The packaging machinery market in Mexico is experiencing significant growth due to several critical factors that are influencing consumer packaged goods (CPG) companies to invest in advanced packaging solutions. Below are the five key drivers behind these investment decisions:

  1. Capacity Expansion and Increased Demand The rising demand for food and beverage products is a primary factor driving investments in new packaging machinery. Companies are expanding their production lines and acquiring specialized equipment to enhance production capacity and eliminate bottlenecks. This investment surge is evidenced by the fact that many companies reported a 5% to 40% increase in machinery investments in 2023. The growing domestic and international demand, supported by government financial assistance programs, is further fueling this trend.
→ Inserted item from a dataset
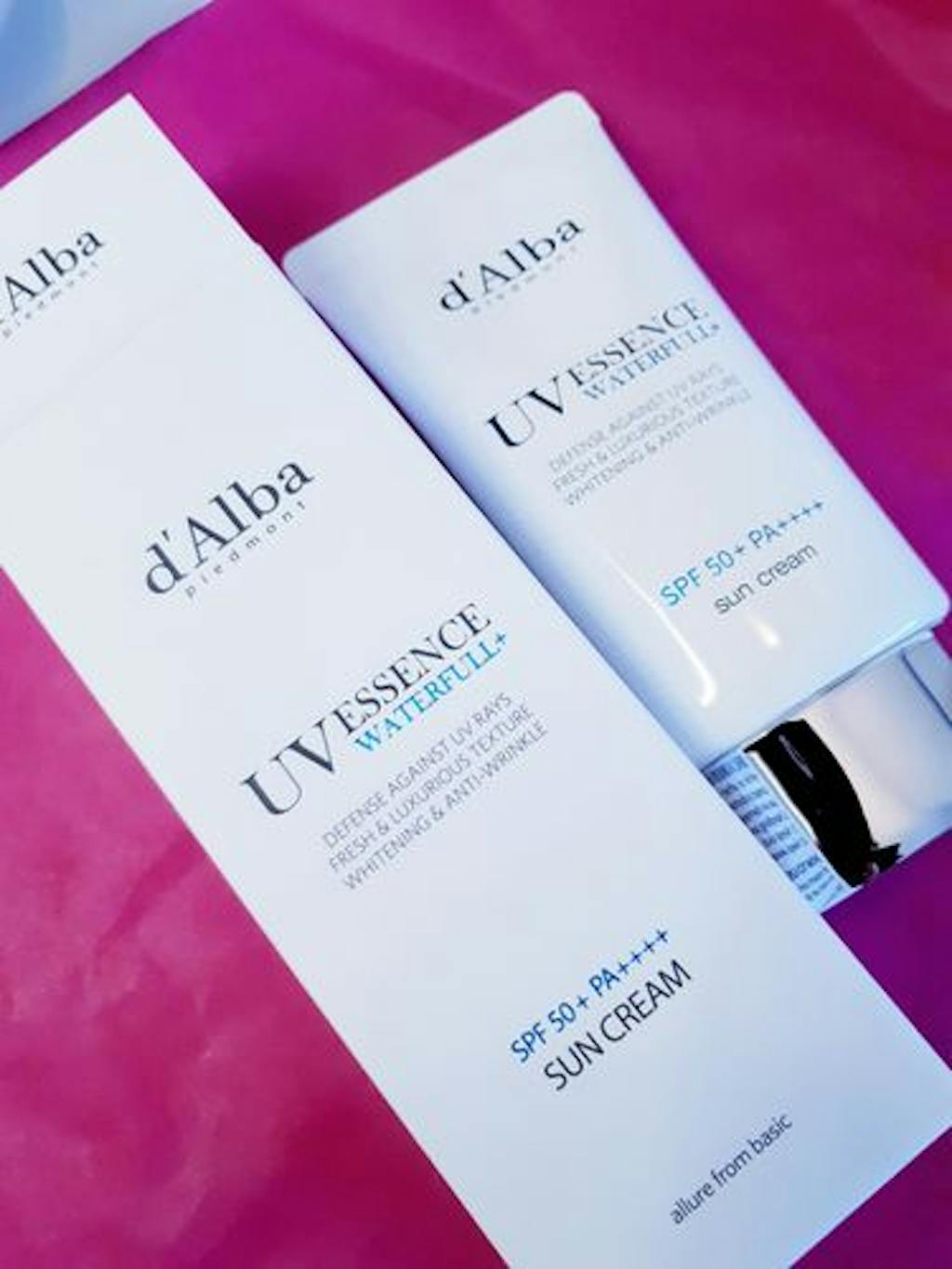 O Creme Solar D'Alba Waterfull Essence é um protetor solar leve e aquoso que é facilmente absorvido sem deixar uma sensação gordurosa e pegajosa. Este creme solar é triplamente funcional: proteção solar, luminosidade, antirrugas. A trufa branca e o extrato de vinho fornecem nutrição à pele cansada pelos raios ultravioleta, enquanto ingredientes como a Niancinamida e o extrato de Centella Asiatica hidratam e acalmam a pele. Este protetor solar refrescante possui um poderoso SPF50 de largo espetro, juntamente com trufa branca e extractos de vinho para fornecer nutrição e hidratação à pele cansada e danificada.

  2. Replacement or Modernization of Obsolete Machinery To stay competitive and improve operational efficiency, more than half of the CPG companies in Mexico are modernizing their equipment. The replacement of outdated machinery with advanced imported technologies is a strategic move to enhance production reliability and meet the evolving demands of the market. This modernization is essential for companies aiming to maintain their competitiveness in a rapidly changing environment.
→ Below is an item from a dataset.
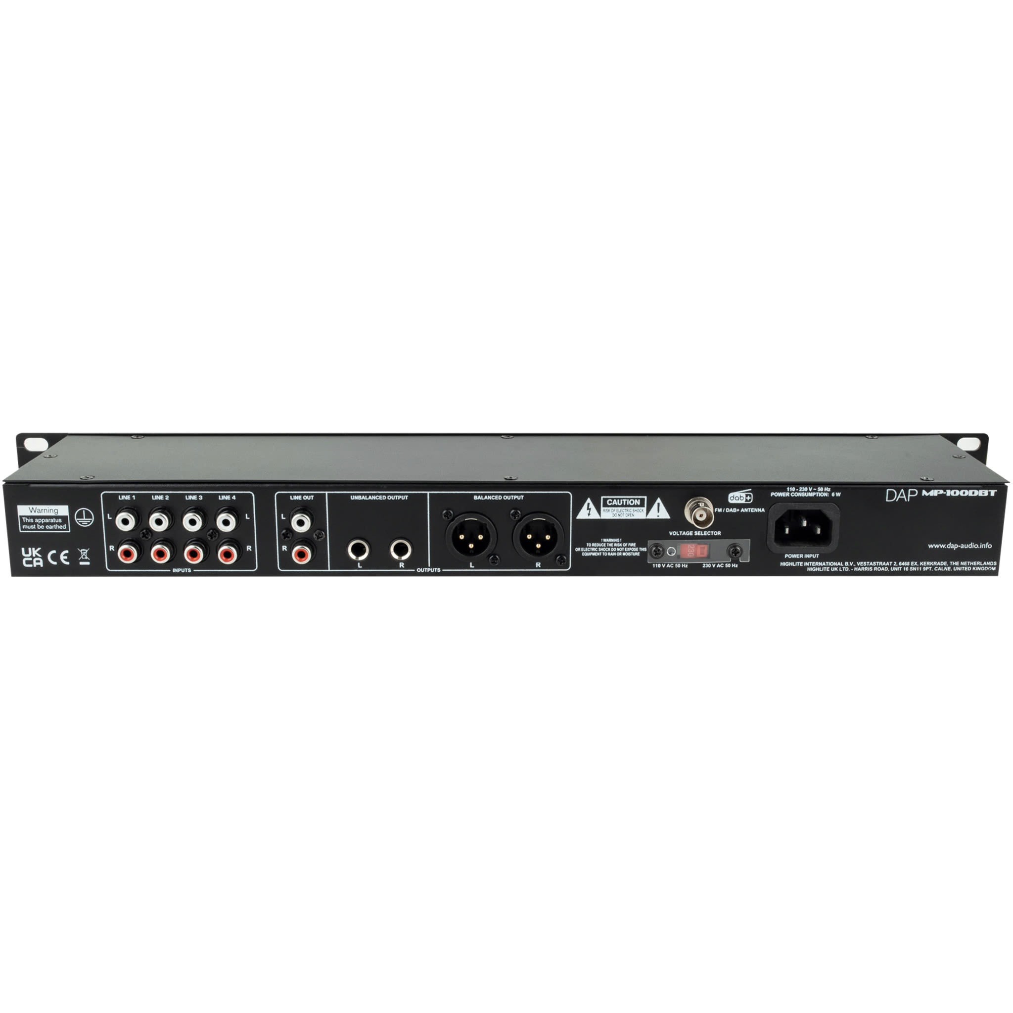 Le DAP MP-100DBT est un lecteur média compact au format rack 19″ (1U), idéal pour la diffusion musicale lors d’événements. Il permet d’écouter la radio DAB+ et FM, de diffuser de la musique en Bluetooth ou de lire des fichiers audio via clé USB.

  3. Adoption of Automation The shift towards automation is driven by rising labor costs and regulatory changes. Automation allows companies to reduce reliance on manual labor, thereby lowering operational costs and improving efficiency. The trend is reinforced by advancements in robotics and sensors, which simplify the implementation of automated packaging solutions. As labor costs continue to rise, automation becomes an increasingly attractive option for Mexican companies seeking to optimize their production processes.
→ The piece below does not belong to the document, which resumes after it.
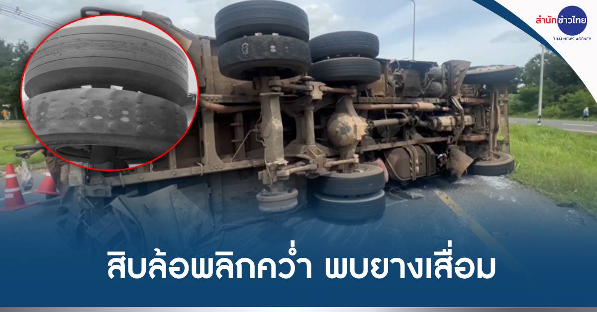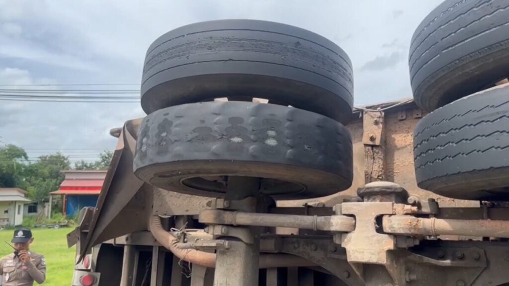 ด้านตำรวจชี้ให้ดูว่ายางรถสิบล้อที่พลิกคว่ำคันนี้ ตรวจสอบแล้วพบว่าเป็นนยางดีเพียง 2 เส้นก็คือ 2 ล้อหน้า ส่วนที่เหลือพบว่าเสื่อมสภาพทุกล้อ ถึงกับลวดยางโผล่ออกมา

  4. Introduction of New Products and SKUs In response to changing consumer preferences and inflationary pressures, CPG manufacturers are launching new products and SKUs, often with a focus on sustainable or cost-effective packaging. This diversification requires investment in versatile and advanced packaging machinery capable of handling a variety of product lines and packaging formats. The shift towards more pre-packaged and value-added products, especially in the food industry, is also driving the need for innovative packaging solutions.
  5. Environmental Policies and Sustainable Packaging Although the emphasis on sustainability has slightly decreased as a primary investment driver, it remains a significant factor. The anticipated approval of the “Ley General de Envases y Contenedores” (General Law on Packaging and Containers) will likely accelerate the adoption of biodegradable and recyclable packaging materials. Companies are preparing for stricter environmental regulations by investing in machinery that supports sustainable packaging practices. Local laws in various states are already setting precedents by banning non-biodegradable plastics and promoting extended producer responsibility (EPR).

These drivers reflect the dynamic nature of the packaging machinery market in Mexico, where companies are proactively investing to meet both current and future challenges. The combination of increased demand, modernization needs, automation, product innovation, and sustainability is shaping the landscape of packaging machinery purchases in the country.